- Pitcher
- Born: July 8, 1968 (age 58) Charlotte, North Carolina
- Batted: LeftThrew: Left

MLB debut
- September 9, 1991, for the Cleveland Indians

Last MLB appearance
- October 6, 1991, for the Cleveland Indians

MLB statistics
- Games pitched: 7
- Earned run average: 9.64
- Strikeouts: 3
- Stats at Baseball Reference

Teams
- Cleveland Indians (1991);

= Garland Kiser =

American baseball player (born 1968)

Garland Routher Kiser (born July 8, 1968) is an American former Major League Baseball player.

Kiser played baseball at Sullivan Central High School in Blountville, Tennessee. As a senior, he had a 1.78 earned run average and attracted the attention of professional scouts. He was selected by the Philadelphia Phillies in the 24th round of the 1986 Major League Baseball draft and assigned to the Bend Phillies to begin his professional career. He was released by the Phillies during spring training in 1988 but was quickly picked up by the Cleveland Indians. He made his Major League debut with the Indians on September 9, 1991 against the Boston Red Sox in front of 1,695 fans a Cleveland Stadium, the smallest crowd there for a game since 1974. He threw only one pitch in his debut, inducing a lineout from Steve Lyons to José González. He struck out the final batter he faced in the Major Leagues, Don Mattingly, on October 6, 1991.
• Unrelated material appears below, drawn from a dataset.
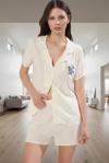 Materyal Bileşeni: 100% Viskoz; Kumaş Tipi: Dokuma; Dokuma Tipi: Shally; Kol Boyu: Kısa; Kol Tipi: Standart Kol; Yaka Tipi: Gömlek Yaka; Renk: Ekru; Desen: Düz; Ürün Detayı: Nakışlı; Koleksiyon: Homewear; Alt-Üst Takım: Gömlek-Şort; Kalıp: Regular; Paça Tipi: Boru Paça; Paket İçeriği: 2li; Boy: Regular; Yıkama Talimatı: T52; Sezon: Yaz; Menşei: TR

Kiser pitched in the farm systems of the Indians, the Milwaukee Brewers and the Pittsburgh Pirates through the 1994 season. He was picked up by the Colorado Rockies before the 1995 season but released in April of that year. After not pitching in the 1995 season, he appeared in 1996 in independent baseball with the Salinas Peppers. It would be his final season in professional baseball.